Your objective => Retype the listing below line for line, but only from the line with "生徒指導主事の西野先生から今" down to the line with "A Lenovo Smart", inclusive. Pictures stay out.

Extracted data =>
=-=-=-=-=

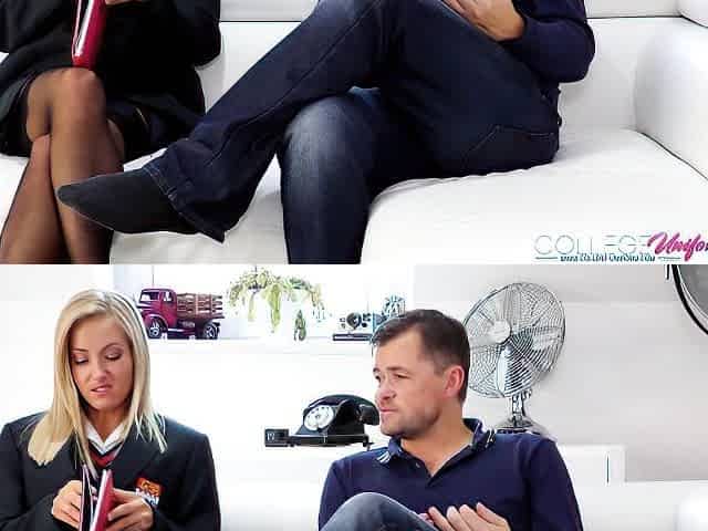 Dixie Lynnin in pigtails gets fucked by her boyfriend in a steamy cfnm scene
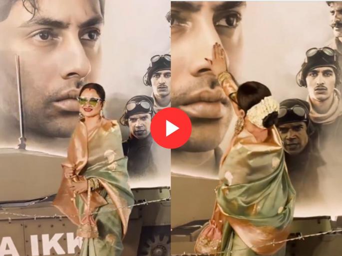 बॉलीवूडची सदाबहार अभिनेत्री रेखा आपल्या खास शैलीसाठी आणि सौंदर्यासाठी नेहमीच चर्चेत असते. नुकतीच रेखा यांनी 'इक्कीस' (Ikkis) या चित्रपटाच्या विशेष स्क्रीनिंगला हजेरी लावली. यावेळी रेखाने काही असे केले की ज्याची चर्चा आता संपूर्ण सोशल मीडियावर रंगली आहे. तिने चक्क अमिताभ बच्चन यांचा नातू आणि या चित्रपटात प्रमुख भूमिका साकारणाऱ्या अगस्त्य नंदा याच्या पोस्टरला 'फ्लाइंग किस' देऊन आपले प्रेम आणि आशीर्वाद दिला.
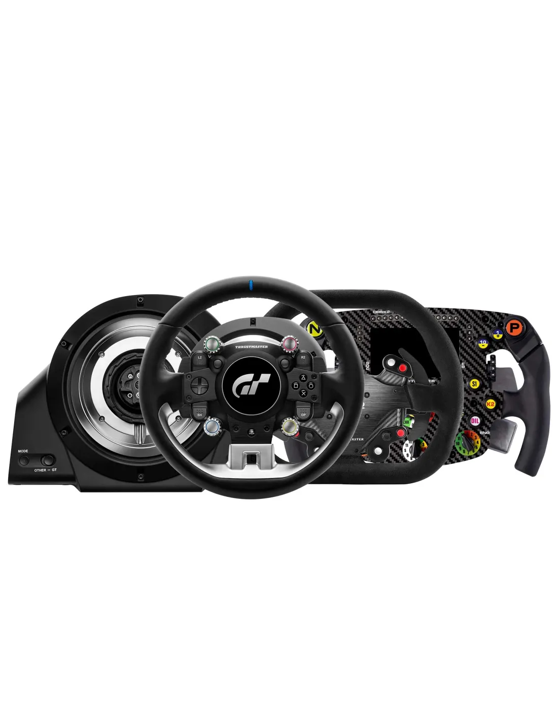 El volante de carreras T-GT II SERVOBASE es una fuente inagotable de tecnologías extremadamente innovadoras, resultado de un estudio en profundidad de todas las sensaciones imprescindibles necesarias para una experiencia de carreras de coches ultrarrealista. Diseñado como el elemento central del ecosistema de carreras de alto nivel de Thrustmaster para PS5, PS4 y PC, T-GT II SERVO BASE es compatible con todos los volantes add-on desmontables de la marca.
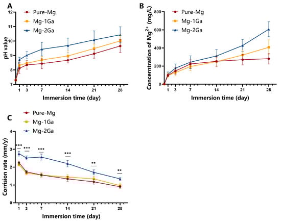 In vitro degradation behavior of pure Mg and Mg-xGa (x = 1%, 2%, wt.%) immersed in DMEM for 28 days. Variation of DMEM pH value (A), Mg2+ concentration (B), and corrosion rate calculated by weight loss (C) with immersion time (** p < 0.01 and *** p < 0.001).
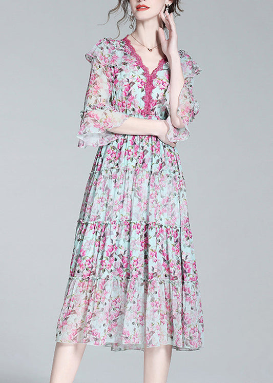 Beautiful Pink V Neck Print Tunic Chiffon Long Dresses Summer LY1519
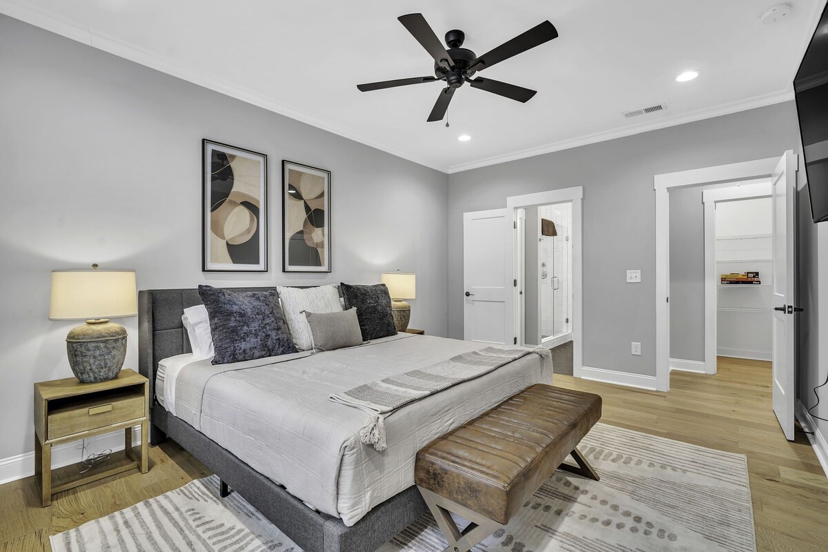 Step into upscale living at Hearthside @ Claremont, an elegant 4-bedroom, 3-bathroom home. This upscale Greenville rental sleeps 10, featuring a stylish interior, a screened porch for relaxation, and a fenced yard for pets, privacy, and security. This spot offers a home-away-from-home experience, ideal for both short and extended stays. Hearthside @ Claremont blends luxury and coziness, providing an upscale yet comfortable retreat for families and travelers seeking a home-like experience. Hearthside @ Claremont is a beautiful luxurious home located in the heart of Greenville, offering an exquisite blend of luxury and comfort. This spacious home features four (3 king beds, 2 full beds) elegantly designed bedrooms and three full bathrooms, comfortably accommodating up to eight guests, making it an ideal choice for family gatherings or group travels. Feel free to park in the 2-car garage, available for security for your vehicles, or the spacious driveway. As you enter the home, you are greeted by a warm and inviting living area, complete with plush seating and tasteful decor that creates a cozy atmosphere for relaxation and socializing and includes a smart TV for guest streaming services. The living room flows seamlessly into the dining area, where a large table stands ready for family meals or evening entertainment. Enjoy the secondary living space upstairs, which includes a second tv, couch, and cozy area for more intimate gatherings. One of the amenities offered at Hearthside @ Claremont is the designated workspace in the upstairs loft. This area is thoughtfully equipped with a comfortable desk and chair, providing a quiet corner for those needing to stay connected for work or study. High-speed internet ensures productivity is never hindered. Please note that there is a fold-out futon that could sleep an additional 2 people if needed (to accommodate a total of 12 guests). Please contact the host if you'll be utilizing this space to ensure sheets are provided. Each bedroom in the home is a serene retreat in itself, furnished with comfortable beds and high-quality linens, ensuring a restful night's sleep. The master bedroom is particularly luxurious, featuring a king-size bed and an en-suite bathroom for added privacy and convenience. The 2 hall bedrooms each include king beds, and the fourth bedroom includes 2 full sized beds. The bathrooms are modern and well-maintained, stocked with fresh towels and essential toiletries, adding to the comfort and ease of your stay. The heart of the home is undoubtedly the fully stocked kitchen, where guests can find everything needed to prepare and enjoy meals. From modern appliances to a comprehensive selection of cookware and utensils, the kitchen is a dream for both the experienced cook and the casual meal preparer. Whether it’s a quick breakfast or a full-fledged family dinner, the kitchen is equipped to handle it all. One of the highlights of Hearthside @ Claremont is the screened porch. This charming space offers a tranquil setting for morning coffees or evening conversations, all while enjoying the view of the surroundings without the bother of insects. The home also boasts a beautifully maintained fenced yard, providing a safe and private outdoor space for children or pets to play or for adults to unwind. In summary, Hearthside @ Claremont is more than just a place to stay; it's a luxurious and cozy home away from home, designed with attention to detail and equipped to ensure a memorable and comfortable experience for all who visit. Guests have access to the whole home, save 2 locked cleaning closets. We are available if needed but respect the privacy of our guests. We are located in an established residential neighborhood. We recommend bringing your own vehicle. The garage is available for guest use. There is a fold-out futon upstairs for an additional 2 guests. Our prices include all fees. No hidden fees.
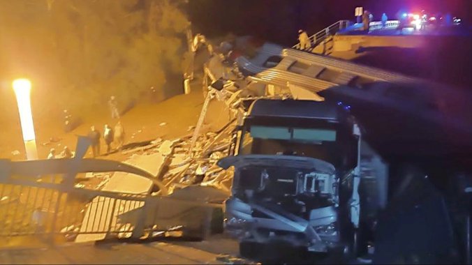 The bridge collapsed onto a passenger train travelling on the #Moscow – #Klimovo line. The train derailed. pic.twitter.com/UOK3Adharq
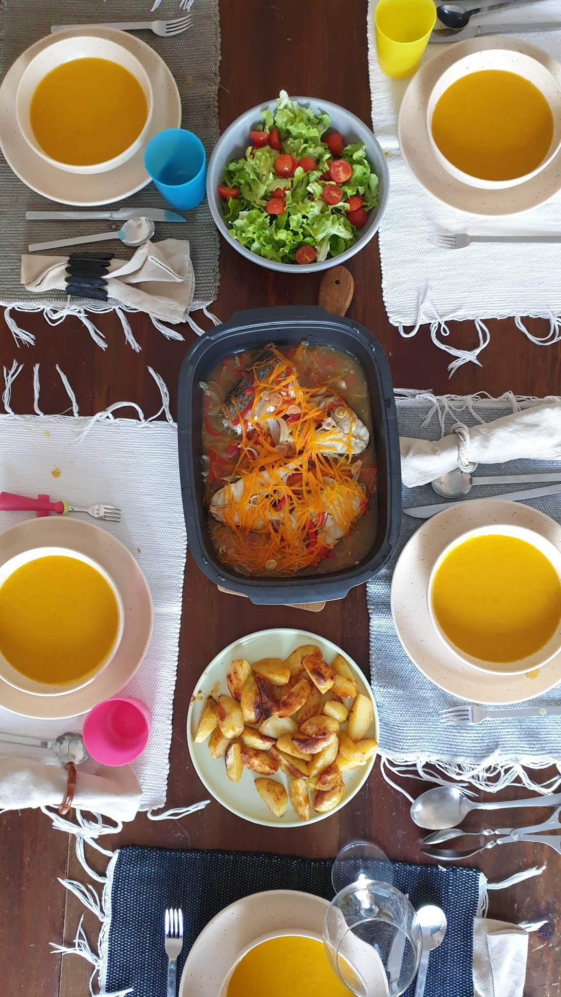 É a segunda refeição que fazemos os 5 partir de uma corvina maravilhosa e grande que comprei. As primeiras postas transformaram-se numa moqueca, e agora foi parar ao forno, com legumes.
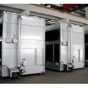 逆流式蒸發冷:是一種只利用水的潛熱換熱的蒸發冷,具有換熱面積大,不易產生冰堵和臟堵,能在各種環境下運行,特別是北方地區,效果最好,冬季無水干運行效果較好。進風形式為底部逆流進風,與下部的噴淋水逆向交替形成飽和濕熱空氣,熱量從頂部風機排出,水分有特殊結構的脫水器收回集水槽循環使用,內部空間沒有換熱填料,騰出更多的空間增加盤管的單位散熱面積。結構更加緊湊、占地小。特別適合與出水溫度要求接近當地濕球溫度的情況。
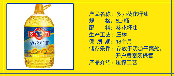 多力葵花籽油5L 少吃油 吃好油
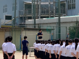 生徒指導主事の西野先生から今回の訓練が火災を想定していたので、火災の際に煙から身を守る方法としてハンカチの利用法にについてお話がありました。
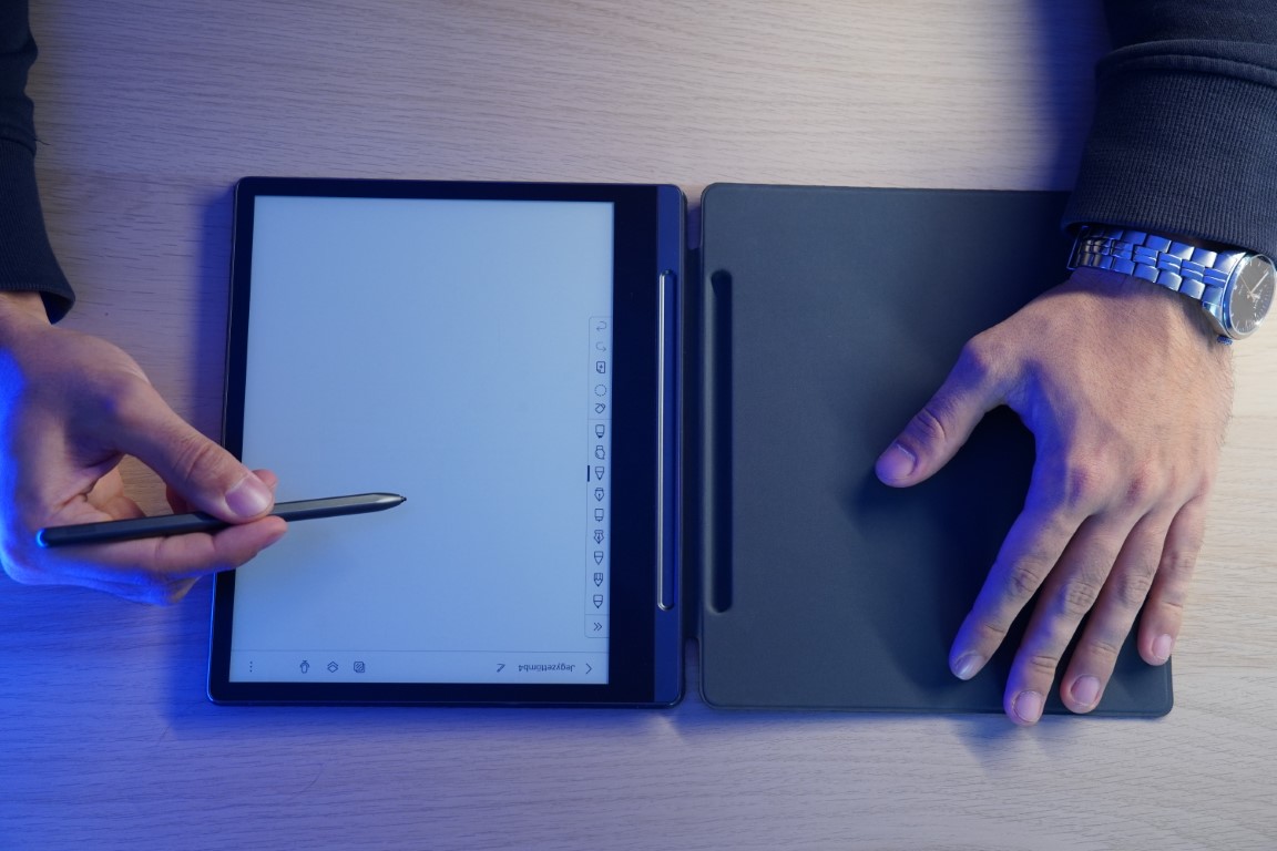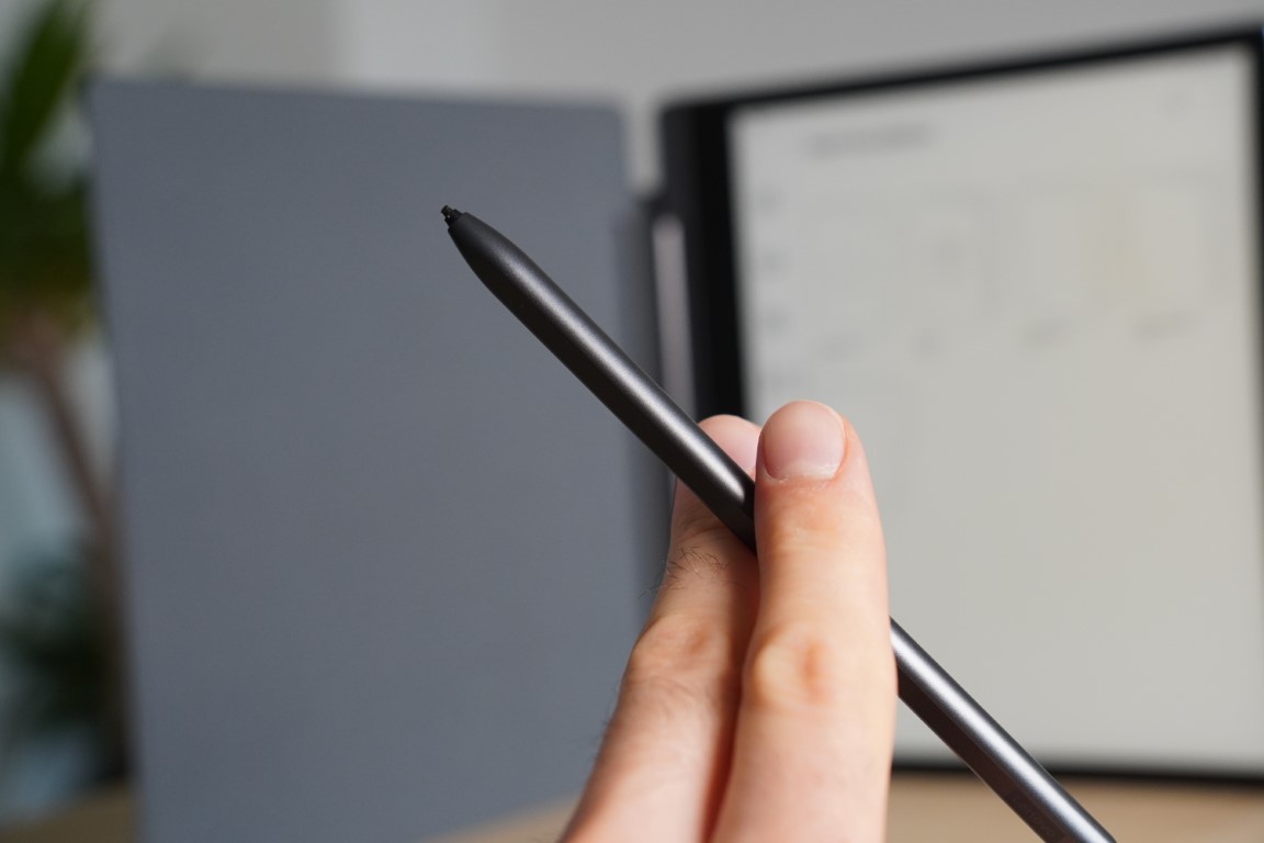 A Lenovo Smart Paper méretarányai eltérnek a megszokott tabletekétől, ugyanis a bal szélén egy markánsabb duplakeret található. A 10,3” E-Ink kijelzőn körbe fekete keretet látunk, ez bal oldalon kb. háromszorosa a többi élhez hasonlítva és annak harmada egy fémkeret, kis süllyesztett, hosszúkás mélyedéssel. Elsőre furcsa lehet, de igencsak meg van ennek az oka és előnye. Elsősorban, ha kézben tartjuk, sokkal kényelmesebb, határozottabb fogást biztosít a nagyobb keret, akár jobb- vagy balkezesek vagyunk. Továbbá az extra fémes keretben a mélyedés mágneses, mely a tollat hivatott megtartani. A tok pedig úgy lett kialakítva, hogy azt a kijelzőre hajtva, – a stílus tokon is kialakított mélyedésbe kerüljön.
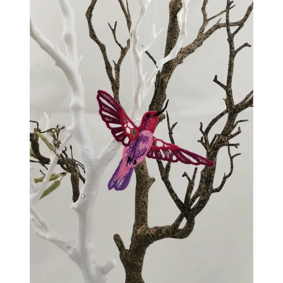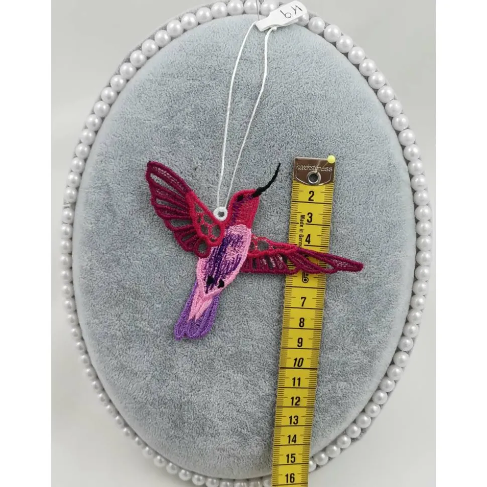 Lace Produkte werden mit einer Stickmaschine und Stickgarn auf wasserlöslichem Vlies gestickt. Nach dem Stickvorgang wird das Vlies ausgewaschen, sodass letztendlich nur die Stickerei übrig bleibt.
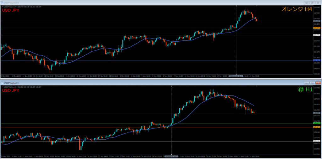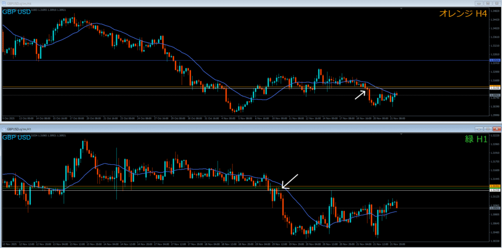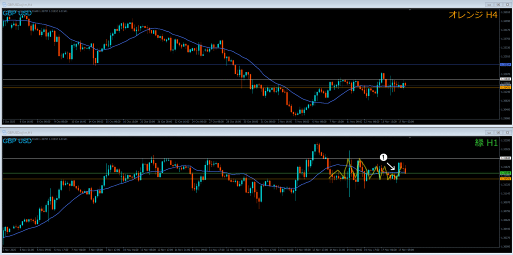 1時間足ダウ少し小さく見えるかもだが許容範囲。
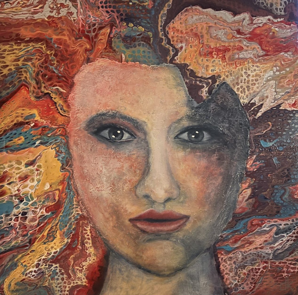 Een globale impressie van het schilderij "Colorfule face" 80x80cm.

=-=-=-=-=

Completed exercise =>
 生徒指導主事の西野先生から今回の訓練が火災を想定していたので、火災の際に煙から身を守る方法としてハンカチの利用法にについてお話がありました。
 A Lenovo Smart Paper méretarányai eltérnek a megszokott tabletekétől, ugyanis a bal szélén egy markánsabb duplakeret található. A 10,3” E-Ink kijelzőn körbe fekete keretet látunk, ez bal oldalon kb. háromszorosa a többi élhez hasonlítva és annak harmada egy fémkeret, kis süllyesztett, hosszúkás mélyedéssel. Elsőre furcsa lehet, de igencsak meg van ennek az oka és előnye. Elsősorban, ha kézben tartjuk, sokkal kényelmesebb, határozottabb fogást biztosít a nagyobb keret, akár jobb- vagy balkezesek vagyunk. Továbbá az extra fémes keretben a mélyedés mágneses, mely a tollat hivatott megtartani. A tok pedig úgy lett kialakítva, hogy azt a kijelzőre hajtva, – a stílus tokon is kialakított mélyedésbe kerüljön.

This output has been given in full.